Things to consider when choosing infrastructure.

Posted on April 22, 2015 by Josh Odgers

With all the choice in the compute/storage market at the moment, choosing new infrastructure for your next project is not an easy task.

In my experience most customers (and many architects) think about the infrastructure coming up for replacement and look to do a “like for like” replacement with newer/faster technology.

An example of this would be a customer with a FC SAN running Oracle workloads where the customer or architect replaces the end of life Hybrid FC SAN with an All Flash FC SAN and continues running Oracle “as-is”.

Now I’m not saying there is anything wrong with that, however if we consider more than just the one workload, we may be able to achieve our business requirements with a more standardized and cost effective approach than having dedicated infrastructure for specific workloads.

So in this post, I am inviting you to consider the bigger picture.

If we take an example customer has the following workload requirements:

Virtual Desktop (VDI)
Virtualized Business Critical Applications (e.g.: SQL / Exchange)
Long Term Archive (High Capacity, low IOPS)
Business Continuity and Disaster Recovery

It is unlikely any one solution from any vendor is going to be the “best” in all areas as every solution has its pros and cons.

Regarding VDI, I would say most people would agree Hyperconverged Infrastructure (HCI) / Scale out type architectures are strong for VDI, however VDI can be successfully deployed on a traditional SAN/NAS solutions or using non shared local storage in the case of non-persistent desktops.
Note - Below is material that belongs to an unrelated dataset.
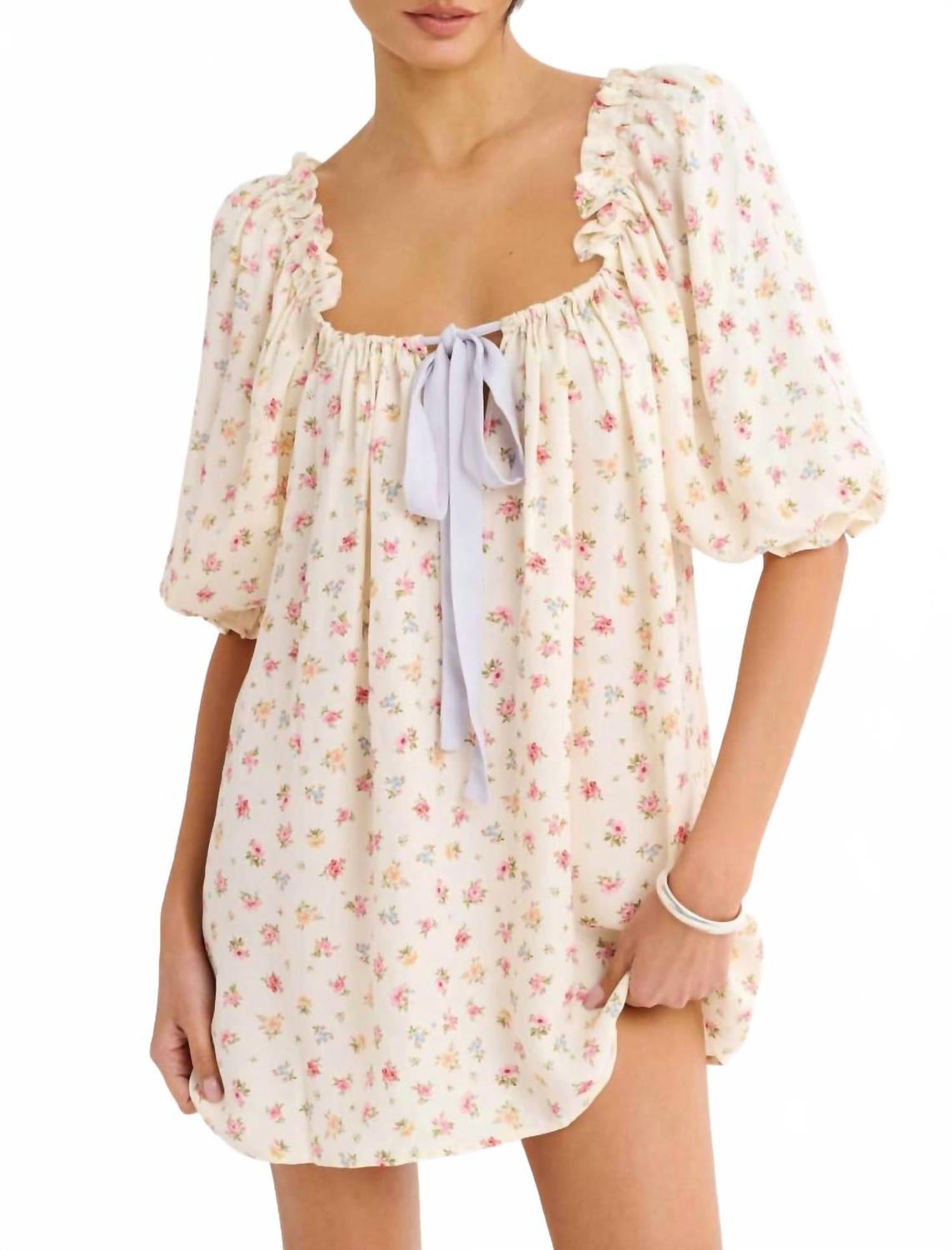 Мини-платье Bloom от Rumored с его мечтательным цветочным принтом и нотками бохо-шика воплощает очаровательный деревенский шарм. Это платье прямого силуэта, изготовленное из 100% вискозного крепа, имеет короткие рукава и квадратный вырез, украшенный контрастными завязками и вырезом-капелькой. Длинные рукава застегиваются на застежку, а эластичные вставки и оборки придают ему особый шарм. Длина платья от плеча до подола составляет 25 дюймов (61 см), оно идеально подходит для отпуска и легко поддается химчистке. На модели размер XS (рост 5 футов 9 дюймов, бюст 32 дюйма, талия 25 дюймов, бедра 35 дюймов).

For vBCA, some people believe physical servers with JBOD storage is best for workloads like Exchange, and Physical + local SSD are best for Databases while many people are realising the benefits of virtualization of vBCA with shared storage such as SAN/NAS or on HCI.

For long term archive, cost per GB is generally one of if not the most critical factor where lots of trays of SATA storage connected to a small dual controller setup may be the most cost effective, whereas an All Flash array would be less likely considered in this use case.

For BC/DR, features such as a Storage Replication Adapter (SRA) for VMware Site Recovery Manager, a stretched cluster capability and some form of snapshot capability and replication would be typical requirements. Some newer technology can do per VM snapshots, whereas older style SAN/NAS technology may be per LUN, so newer technology would have an advantage here, but again, this doesn’t mean one tech should not be considered.

So what product do we choose for each workload type? The best of breed right?

Well, maybe not. Lets have a look at why you might not want to do that.

The below graph shows an example of 3 vendors being compared across the 4 categories I mentioned above being VDI, vBCA, Long Term Archive and BC/DR.

The customer has determined that a score of 3 is required to meet their requirements so a solution failing to achieve a 3 or higher will not be considered (at least for that workload).

As we can see, for VDI Vendor B is the strongest, Vendor A second and Vendor C third, but when we compare BC/DR Vendor C is strongest followed by Vendor A and lastly Vendor B.

We can see for Long Term Archive Vendor A is the strongest with Vendor B and C tied for second place and finally for vBCA Vendor B is the strongest, Vendor A second and Vendor C third.

So if we chose the best vendor for each workload type (or the “Best of breed” solution) we would end up with three different vendors equipment.

VDI: Vendor B
Long Term Archive: Vendor A
BC/DR: Vendor C
vBCA: Vendor B

Is this a problem? Not necessarily but I would suggest that there are several things to consider including:

1. Having 3 different platforms to design/install/maintain

This means 3 different sets of requirements, constraints, risks, implications need to be considered.

Some large organisations may not consider this a problem, because they have a team for each area, but isn’t the fact the customer has to have multiple teams to manage infrastructure a problem in itself? Sounds like a significant (and potentially unnecessary) OPEX to me.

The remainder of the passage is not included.